Activation criteria :
- Auto-trigger : 2 consecutive P1 alerts on expectancy_negative_focal within 1h → operator paged + factor-level kill-switch flipped automatically (operator confirms within 15min or revert is held)
- Manual : DRI dococeven invokes Console flip when drift / sharpness / canary fails
7. OOS validation infrastructure (per committee c47b2afa blocker #2)¶
The FTF sweep IS the OOS validation — it leverages the existing infrastructure proven on Track 5 (PR #734) and committee-validated (session 989a6567 PASSED OK). For Track 6 :
7.1 Multi-fold evaluation (ADR-14)¶
- 5 cryptos × 5 folds × 5 variants = 125 training runs per FTF sweep
- Each fold is a purged + embargoed time-series split (per ADR-14, López de Prado AFML Ch 7) — implemented in
commun.cv.purged_kfold.PurgedKFold - Purge horizon = label horizon (4 candles for SL0.5_TP1_H4 PTE strategy, configurable via
CVN_PURGE_HORIZON) - Embargo = 0.5% of dataset size (configurable via
CVN_EMBARGO_PCT) - Splits are deterministic (seeded) to ensure reproducibility across factor variants
7.2 Theta calibrated OOS (ADR-15)¶
- Threshold for BUY decision (
CVN_THRESHOLD_BUY) is calibrated on a separate hold-out fold that's neither train nor val — isolated from any per-fold optimization to avoid leakage - Bug #1 fix (PR #765) explicitly aligned
_apply_calibrationto use(X_val, y_val)per ADR-15 precedent - Track 6 inherits this contract — focal loss outputs go through the same calibration on hold-out path
- Temperature scaling adds an OOS recalibration option specifically for focal-trained models
7.3 Statistical gates (per F1_BUY_BOOST_PLAN.md §6)¶
After 125 rows in finetune_results, the sweep runs the standard analysis pipeline (existing infrastructure) :
- BH-corrected p-values (Benjamini-Hochberg FDR control across the 4 non-baseline variants × 5 folds)

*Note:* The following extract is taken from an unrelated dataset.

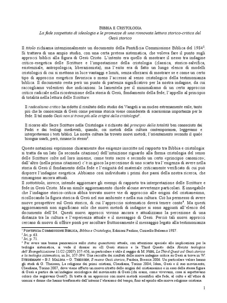 intenzionalmente un documento della Pontificia Commissione Biblica del 1 !"1# Si tratta$a di una am%io studio& con una certa %retesa sistematica& che $ole$a fare il %unto su'li a%%rocci biblici alla fi'ura di Ges( Cristo# L)intento era *uello di mostrare il nesso tra inda'ine critico+ese'etica delle Scritture e l)im%ostazione della cristolo'ia ,classica& storico+sal$ifica& esistenziale& antro%olo'ica& liberazionista-& ma l)esito era di fatto un lun'o elenco di modelli cristolo'ici di cui si mettono in luce $anta''i e limiti& senza sforzarsi di mostrare se e come un certo ti%o di a%%roccio ese'etico fa$orisca o meno l)accesso al senso cristolo'ico della testimonianza biblica# Il documento resta %er. un %unto di %artenza si'nificati$o %er la nostra inda'ine& da cui racco'liamo $olentieri due indicazioni/ la lamentela %er il minimalismo di un certo a%%roccio critico radicale nella ricostruzione della storia di Ges(& fondamento della fede0 l)a%%ello al %rinci%io di totalit1 nella lettura delle Scritture/

- Bootstrap CI 95% on f1_buy delta vs baseline
- Cohen's d effect size on f1_buy
- Per-asset breakdown : ≥ 4/5 cryptos must individually improve
- Per-fold variance reported alongside median (per F1_BUY_BOOST_PLAN.md §7)
- ECE_HOLD (calibration on holdout fold) ≤ baseline + 0.01
7.4 PBO / CSCV considerations¶
The FTF sweep at 5 variants is small enough that PBO (Probability of Backtest Overfitting) risk is low (López de Prado et al. 2014 — PBO rises with the number of variants explored). The 4 non-baseline variants vs 1 baseline = 4 hypotheses ; with 5-fold CV, false-discovery probability under H0 is well-controlled by BH correction.
If a follow-up sweep expands the alpha range (Risk #8 mitigation), PBO analysis MUST be added to the results dossier explicitly. Tracked as Phase 4 conditional acceptance criterion.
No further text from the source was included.